For the Cream Cheese Layer:

  • In a mixing bowl, beat together the butter and cream cheese until very fluffy. Carefully mix in powdered sugar and crème de menthe and beat for several minutes until well combined.
  • Spread over cooled brownies and refrigerate until well-chilled and firm.

For the Ganache:

  • Place chocolate in a heat-proof bowl with room to add the cream.
  • Bring cream just to a boil in a saucepan and immediately pour over chocolate.
  • Whisk until smooth and add the crème de menthe.
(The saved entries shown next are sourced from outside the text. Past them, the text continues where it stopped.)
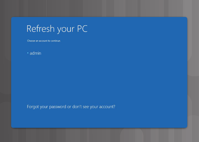 როგორც მე-3 სურათზეა ნაჩვენები, აღნიშნული უტილიტა კომპიუტერის სისტემურ პროგრამებს ქარხნულ მდგომარეობაში დააბრუნებს მომხმარებლის ფაილების ან შემდგომში დაინსტალირებული პროგრამების წაშლის გარეშე. დროთა განმავლობაში კომპიუტერები ნელდება. აღნიშნულის მიზეზია გადავსებული ან ფრაგმენტირებული ფაილების შემცველი ფაილური სისტემები, გაუმართავი დრაივერები და ბიბლიოთეკები. ზემოთ ნახსენები უტილიტა სისტემას ქარხნულ მდგომარეობაში დააბრუნებს სამომხმარებლო მონაცემების შეცვლის გარეშე. Refresh your computer შლის დაინსტალირებულ სამუშაო დაფის (Desktop) პროგრამებს.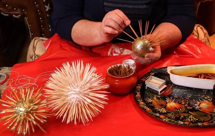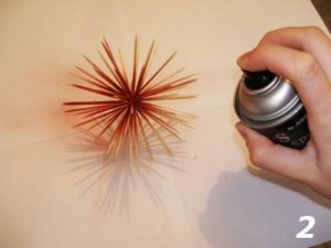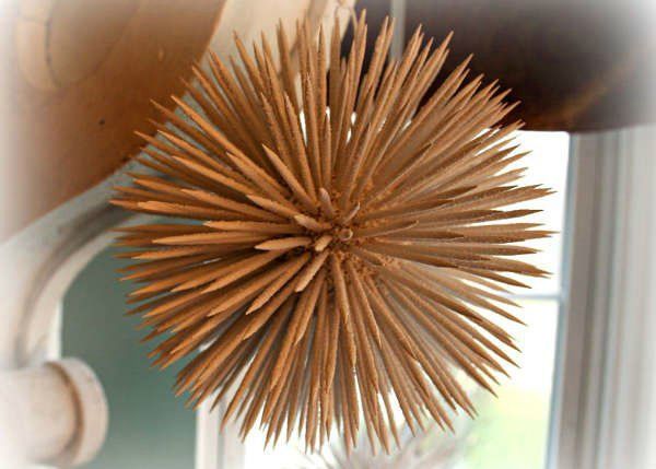 - Намажете единия край на клечките за зъби с лепило и ги вкарайте в дупките. Опитайте се да поставите клечките за зъби на малко разстояние една от друга, като ги подредите на еднаква височина. Така топката ще изглежда много по-подредена.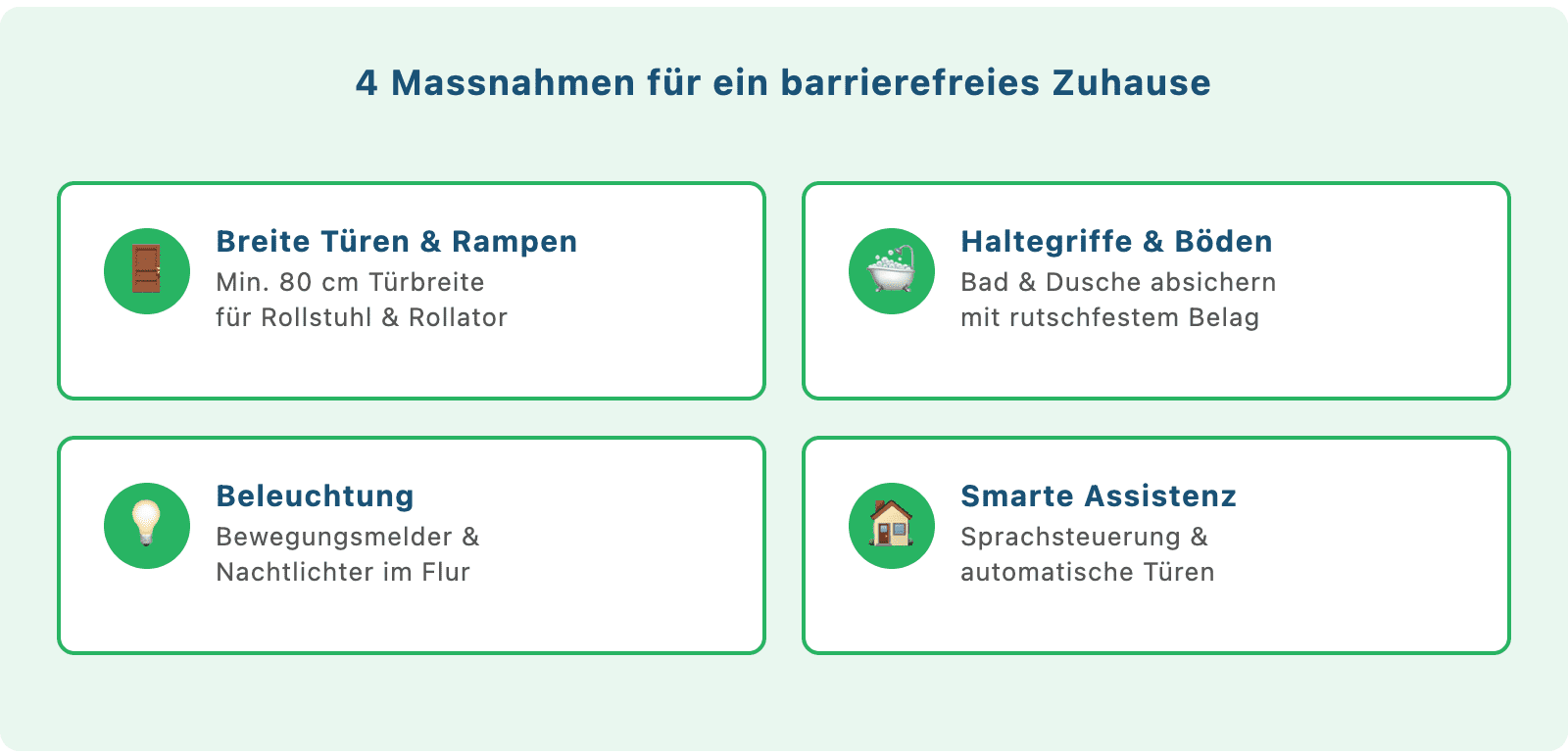 Nicht jede Massnahme erfordert einen grossen Umbau. Viele Anpassungen sind rasch umgesetzt und bringen sofort messbare Verbesserungen im Alltag. Die folgende Übersicht zeigt die vier wirkungsvollsten Massnahmen: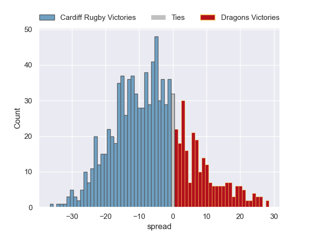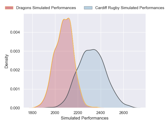 Each club has a rating and a rating deviation (similar to a Glicko rating), and expected performances can be generated. This allows for simulated matches and spreads like the ones below.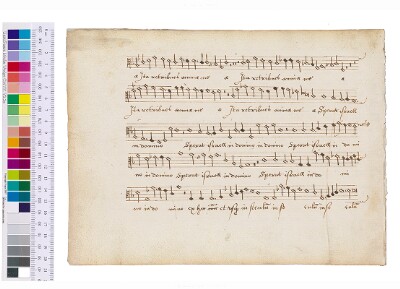 General Noteat end scroll (with composer's name and) 'Gaudete i[n] d[omi]no et exultateiusti.' ConcordancesRowe 316 |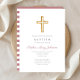 Religious Cross Dusty Pink Stripes Girl Baptism Invitation

Cool until slightly thickened, but still pourable and pour evenly over the chilled cream cheese layer.
  • Refrigerate until ganache is set and cut into bars. Enjoy!!

Notes

Wine Pairings:

Cannonball 2018 Cabernet Sauvignon: The dark forest berry and smoky mocha aromas and flavors in this wine create a delightful pairing with the dark, minty chocolate and tangy creamy filling of the Grasshopper Bars.
Mad Hatter 2019: This Bordeaux blend of Cabernet Sauvignon, Petite Sirah, Merlot, Petit Verdot and Cabernet Franc has plenty of black cherry and plum encased in dark chocolate and baking spice making it a truly sophisticated match for the minty, dark chocolate Grasshopper Bars.